**To do**: Output exactly, with nothing added, the entries from the first line through the line with "เครื่องโทรศัพท์สาธารณะหยอดเหรียญ 5, 10".

Collected data
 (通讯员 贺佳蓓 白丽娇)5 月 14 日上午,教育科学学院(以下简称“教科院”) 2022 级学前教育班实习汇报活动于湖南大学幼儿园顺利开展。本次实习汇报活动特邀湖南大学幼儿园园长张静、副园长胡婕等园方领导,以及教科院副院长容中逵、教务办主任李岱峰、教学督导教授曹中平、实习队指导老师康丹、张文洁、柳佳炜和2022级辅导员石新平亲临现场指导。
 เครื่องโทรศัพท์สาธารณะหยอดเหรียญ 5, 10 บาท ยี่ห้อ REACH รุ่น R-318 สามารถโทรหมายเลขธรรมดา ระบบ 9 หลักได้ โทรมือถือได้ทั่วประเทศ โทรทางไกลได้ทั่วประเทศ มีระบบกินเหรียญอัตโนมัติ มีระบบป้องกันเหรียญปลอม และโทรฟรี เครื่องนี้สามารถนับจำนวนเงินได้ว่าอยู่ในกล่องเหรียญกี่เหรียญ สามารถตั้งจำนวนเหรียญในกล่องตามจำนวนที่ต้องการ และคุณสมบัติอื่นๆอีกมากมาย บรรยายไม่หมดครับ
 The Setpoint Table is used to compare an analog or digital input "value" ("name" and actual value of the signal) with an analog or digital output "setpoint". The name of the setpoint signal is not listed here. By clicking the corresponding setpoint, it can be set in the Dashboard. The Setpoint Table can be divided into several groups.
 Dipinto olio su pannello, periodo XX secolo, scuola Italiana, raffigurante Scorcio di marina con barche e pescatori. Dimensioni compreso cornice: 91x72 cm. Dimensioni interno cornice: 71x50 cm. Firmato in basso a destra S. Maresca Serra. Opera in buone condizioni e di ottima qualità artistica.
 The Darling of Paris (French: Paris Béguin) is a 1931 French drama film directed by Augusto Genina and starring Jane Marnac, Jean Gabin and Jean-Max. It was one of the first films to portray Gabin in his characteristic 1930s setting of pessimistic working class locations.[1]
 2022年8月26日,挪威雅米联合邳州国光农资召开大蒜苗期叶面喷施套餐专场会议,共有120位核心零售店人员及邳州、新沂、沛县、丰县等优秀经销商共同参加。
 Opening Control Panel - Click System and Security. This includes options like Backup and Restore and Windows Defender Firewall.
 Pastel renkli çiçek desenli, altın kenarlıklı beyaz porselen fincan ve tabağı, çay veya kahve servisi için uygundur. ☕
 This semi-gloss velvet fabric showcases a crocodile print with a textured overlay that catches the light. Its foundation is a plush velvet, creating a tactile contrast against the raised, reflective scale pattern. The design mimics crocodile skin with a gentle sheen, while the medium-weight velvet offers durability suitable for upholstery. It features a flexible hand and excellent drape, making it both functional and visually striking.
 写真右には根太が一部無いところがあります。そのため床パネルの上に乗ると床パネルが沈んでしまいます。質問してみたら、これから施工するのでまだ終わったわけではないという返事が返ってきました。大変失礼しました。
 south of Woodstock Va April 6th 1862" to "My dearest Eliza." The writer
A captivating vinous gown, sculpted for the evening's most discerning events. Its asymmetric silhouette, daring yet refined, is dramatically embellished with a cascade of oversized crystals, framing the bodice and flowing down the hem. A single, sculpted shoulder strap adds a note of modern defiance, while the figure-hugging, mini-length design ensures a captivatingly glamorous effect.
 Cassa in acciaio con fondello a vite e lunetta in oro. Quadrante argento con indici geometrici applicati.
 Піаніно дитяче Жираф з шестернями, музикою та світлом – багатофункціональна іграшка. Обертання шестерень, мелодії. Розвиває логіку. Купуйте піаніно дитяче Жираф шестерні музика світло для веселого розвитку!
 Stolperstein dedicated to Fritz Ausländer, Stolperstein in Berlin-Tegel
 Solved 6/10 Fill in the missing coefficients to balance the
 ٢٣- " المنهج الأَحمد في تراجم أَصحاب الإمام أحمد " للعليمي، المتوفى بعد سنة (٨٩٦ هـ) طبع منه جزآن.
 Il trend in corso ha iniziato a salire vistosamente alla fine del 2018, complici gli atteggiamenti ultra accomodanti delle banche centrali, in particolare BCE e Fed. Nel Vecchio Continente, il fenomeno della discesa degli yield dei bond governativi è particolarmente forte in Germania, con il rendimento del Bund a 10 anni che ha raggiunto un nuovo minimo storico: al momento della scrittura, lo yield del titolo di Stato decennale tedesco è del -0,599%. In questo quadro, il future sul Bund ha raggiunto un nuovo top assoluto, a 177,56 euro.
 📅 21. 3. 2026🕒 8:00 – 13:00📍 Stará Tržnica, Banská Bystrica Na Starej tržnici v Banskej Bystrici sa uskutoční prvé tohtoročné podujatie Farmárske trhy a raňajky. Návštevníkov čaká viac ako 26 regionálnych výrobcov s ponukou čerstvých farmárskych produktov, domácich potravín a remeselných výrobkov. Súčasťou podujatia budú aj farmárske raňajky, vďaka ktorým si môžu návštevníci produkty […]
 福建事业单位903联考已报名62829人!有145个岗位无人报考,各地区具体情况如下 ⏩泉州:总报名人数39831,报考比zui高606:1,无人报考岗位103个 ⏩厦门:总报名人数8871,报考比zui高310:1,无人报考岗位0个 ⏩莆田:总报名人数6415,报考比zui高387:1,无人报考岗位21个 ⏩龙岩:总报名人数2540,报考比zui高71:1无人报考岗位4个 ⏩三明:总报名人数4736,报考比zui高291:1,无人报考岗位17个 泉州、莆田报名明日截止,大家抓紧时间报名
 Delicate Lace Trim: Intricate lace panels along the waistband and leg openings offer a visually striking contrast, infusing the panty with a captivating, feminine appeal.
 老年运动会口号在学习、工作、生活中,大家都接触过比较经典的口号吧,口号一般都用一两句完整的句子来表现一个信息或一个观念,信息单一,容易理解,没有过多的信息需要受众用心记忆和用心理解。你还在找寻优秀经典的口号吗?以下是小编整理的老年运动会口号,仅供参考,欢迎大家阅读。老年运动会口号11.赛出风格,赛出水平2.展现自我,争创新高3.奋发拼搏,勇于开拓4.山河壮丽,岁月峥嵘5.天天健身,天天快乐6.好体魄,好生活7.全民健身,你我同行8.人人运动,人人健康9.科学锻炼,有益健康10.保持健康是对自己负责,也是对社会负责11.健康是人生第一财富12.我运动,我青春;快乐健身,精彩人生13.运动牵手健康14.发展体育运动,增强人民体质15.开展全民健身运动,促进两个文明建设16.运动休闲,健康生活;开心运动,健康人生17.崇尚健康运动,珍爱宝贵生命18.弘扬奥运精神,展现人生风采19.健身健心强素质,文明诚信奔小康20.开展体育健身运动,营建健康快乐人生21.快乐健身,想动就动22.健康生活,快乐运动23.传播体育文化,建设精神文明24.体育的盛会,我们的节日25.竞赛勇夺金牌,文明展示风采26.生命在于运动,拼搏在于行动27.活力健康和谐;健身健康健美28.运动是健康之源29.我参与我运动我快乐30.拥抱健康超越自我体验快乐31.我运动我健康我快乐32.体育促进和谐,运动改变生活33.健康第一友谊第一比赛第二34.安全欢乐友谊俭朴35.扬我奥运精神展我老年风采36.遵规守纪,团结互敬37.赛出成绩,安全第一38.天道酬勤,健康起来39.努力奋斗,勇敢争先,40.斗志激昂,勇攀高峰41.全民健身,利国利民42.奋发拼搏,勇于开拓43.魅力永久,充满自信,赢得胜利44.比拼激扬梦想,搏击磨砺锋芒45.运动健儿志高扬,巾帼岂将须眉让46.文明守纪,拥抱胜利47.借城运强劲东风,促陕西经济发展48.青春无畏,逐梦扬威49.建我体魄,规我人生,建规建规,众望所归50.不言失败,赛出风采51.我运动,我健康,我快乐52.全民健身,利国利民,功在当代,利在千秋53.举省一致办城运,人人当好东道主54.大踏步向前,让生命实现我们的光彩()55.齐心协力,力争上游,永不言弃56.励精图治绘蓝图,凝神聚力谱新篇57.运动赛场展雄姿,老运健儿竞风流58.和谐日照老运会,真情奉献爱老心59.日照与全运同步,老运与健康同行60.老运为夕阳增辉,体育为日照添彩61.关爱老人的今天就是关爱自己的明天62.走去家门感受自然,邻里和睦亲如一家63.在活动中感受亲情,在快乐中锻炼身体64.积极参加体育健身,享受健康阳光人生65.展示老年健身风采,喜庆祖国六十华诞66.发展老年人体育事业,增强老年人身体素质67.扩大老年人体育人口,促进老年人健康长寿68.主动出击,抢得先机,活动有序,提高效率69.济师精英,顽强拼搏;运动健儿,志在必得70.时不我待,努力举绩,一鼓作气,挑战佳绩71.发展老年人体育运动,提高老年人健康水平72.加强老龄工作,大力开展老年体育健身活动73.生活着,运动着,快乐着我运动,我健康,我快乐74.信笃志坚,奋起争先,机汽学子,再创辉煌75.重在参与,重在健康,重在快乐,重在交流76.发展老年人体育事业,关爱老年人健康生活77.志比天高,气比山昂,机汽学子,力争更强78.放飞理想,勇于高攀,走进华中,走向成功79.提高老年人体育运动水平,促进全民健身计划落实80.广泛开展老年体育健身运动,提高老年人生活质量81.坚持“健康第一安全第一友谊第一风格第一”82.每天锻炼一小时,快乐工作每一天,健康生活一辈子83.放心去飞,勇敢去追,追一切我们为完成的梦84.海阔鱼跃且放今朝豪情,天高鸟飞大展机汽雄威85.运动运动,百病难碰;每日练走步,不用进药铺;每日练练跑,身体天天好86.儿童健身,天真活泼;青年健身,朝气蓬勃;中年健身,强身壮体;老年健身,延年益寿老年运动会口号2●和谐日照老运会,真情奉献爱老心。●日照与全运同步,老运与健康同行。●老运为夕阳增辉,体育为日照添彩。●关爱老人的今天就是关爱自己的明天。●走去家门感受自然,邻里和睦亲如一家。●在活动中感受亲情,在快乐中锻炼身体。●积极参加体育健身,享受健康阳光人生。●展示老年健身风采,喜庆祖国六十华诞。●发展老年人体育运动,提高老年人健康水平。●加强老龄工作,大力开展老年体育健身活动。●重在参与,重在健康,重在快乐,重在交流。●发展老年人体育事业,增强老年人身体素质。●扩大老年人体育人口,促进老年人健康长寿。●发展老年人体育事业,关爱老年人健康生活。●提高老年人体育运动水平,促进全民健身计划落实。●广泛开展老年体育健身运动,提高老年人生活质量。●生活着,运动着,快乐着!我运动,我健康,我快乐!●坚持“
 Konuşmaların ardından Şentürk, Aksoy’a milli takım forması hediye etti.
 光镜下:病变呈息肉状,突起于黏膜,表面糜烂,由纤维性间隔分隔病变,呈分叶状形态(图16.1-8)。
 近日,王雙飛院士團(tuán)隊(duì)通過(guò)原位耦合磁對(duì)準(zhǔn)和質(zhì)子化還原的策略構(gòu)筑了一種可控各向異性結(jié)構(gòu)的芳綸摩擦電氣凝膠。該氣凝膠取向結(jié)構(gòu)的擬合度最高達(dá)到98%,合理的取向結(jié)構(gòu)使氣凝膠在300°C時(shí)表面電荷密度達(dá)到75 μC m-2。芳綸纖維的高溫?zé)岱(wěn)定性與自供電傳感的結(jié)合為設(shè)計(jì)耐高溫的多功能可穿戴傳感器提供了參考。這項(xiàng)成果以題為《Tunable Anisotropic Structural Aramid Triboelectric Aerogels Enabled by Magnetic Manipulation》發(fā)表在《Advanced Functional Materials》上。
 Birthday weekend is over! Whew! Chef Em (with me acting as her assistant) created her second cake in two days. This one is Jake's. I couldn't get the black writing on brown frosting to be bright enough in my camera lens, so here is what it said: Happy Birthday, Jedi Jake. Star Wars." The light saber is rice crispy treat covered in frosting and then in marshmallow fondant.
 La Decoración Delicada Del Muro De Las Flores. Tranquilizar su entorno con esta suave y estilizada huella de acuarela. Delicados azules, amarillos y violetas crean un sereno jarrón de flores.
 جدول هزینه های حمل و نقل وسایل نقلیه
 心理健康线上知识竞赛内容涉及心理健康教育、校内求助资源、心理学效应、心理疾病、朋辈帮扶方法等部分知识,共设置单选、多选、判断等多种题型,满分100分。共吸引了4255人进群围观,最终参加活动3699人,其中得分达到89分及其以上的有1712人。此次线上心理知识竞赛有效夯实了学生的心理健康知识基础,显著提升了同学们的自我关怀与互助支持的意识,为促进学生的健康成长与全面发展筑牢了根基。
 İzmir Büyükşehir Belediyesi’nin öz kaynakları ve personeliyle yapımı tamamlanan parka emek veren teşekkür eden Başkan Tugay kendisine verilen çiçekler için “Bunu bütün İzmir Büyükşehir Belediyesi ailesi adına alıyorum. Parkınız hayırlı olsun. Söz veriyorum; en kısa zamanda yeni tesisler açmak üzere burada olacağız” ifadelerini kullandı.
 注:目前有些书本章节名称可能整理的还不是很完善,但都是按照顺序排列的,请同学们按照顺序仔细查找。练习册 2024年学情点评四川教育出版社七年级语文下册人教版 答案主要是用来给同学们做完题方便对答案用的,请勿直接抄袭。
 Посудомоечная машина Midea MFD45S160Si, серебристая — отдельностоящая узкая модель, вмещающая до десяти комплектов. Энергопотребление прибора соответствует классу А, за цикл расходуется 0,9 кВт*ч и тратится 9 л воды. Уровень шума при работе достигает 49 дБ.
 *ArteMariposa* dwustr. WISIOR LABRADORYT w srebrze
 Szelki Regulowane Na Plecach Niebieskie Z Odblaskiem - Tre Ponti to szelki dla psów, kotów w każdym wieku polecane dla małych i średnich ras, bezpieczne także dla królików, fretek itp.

**Solution to the problem**:
 (通讯员 贺佳蓓 白丽娇)5 月 14 日上午,教育科学学院(以下简称“教科院”) 2022 级学前教育班实习汇报活动于湖南大学幼儿园顺利开展。本次实习汇报活动特邀湖南大学幼儿园园长张静、副园长胡婕等园方领导,以及教科院副院长容中逵、教务办主任李岱峰、教学督导教授曹中平、实习队指导老师康丹、张文洁、柳佳炜和2022级辅导员石新平亲临现场指导。
 เครื่องโทรศัพท์สาธารณะหยอดเหรียญ 5, 10 บาท ยี่ห้อ REACH รุ่น R-318 สามารถโทรหมายเลขธรรมดา ระบบ 9 หลักได้ โทรมือถือได้ทั่วประเทศ โทรทางไกลได้ทั่วประเทศ มีระบบกินเหรียญอัตโนมัติ มีระบบป้องกันเหรียญปลอม และโทรฟรี เครื่องนี้สามารถนับจำนวนเงินได้ว่าอยู่ในกล่องเหรียญกี่เหรียญ สามารถตั้งจำนวนเหรียญในกล่องตามจำนวนที่ต้องการ และคุณสมบัติอื่นๆอีกมากมาย บรรยายไม่หมดครับ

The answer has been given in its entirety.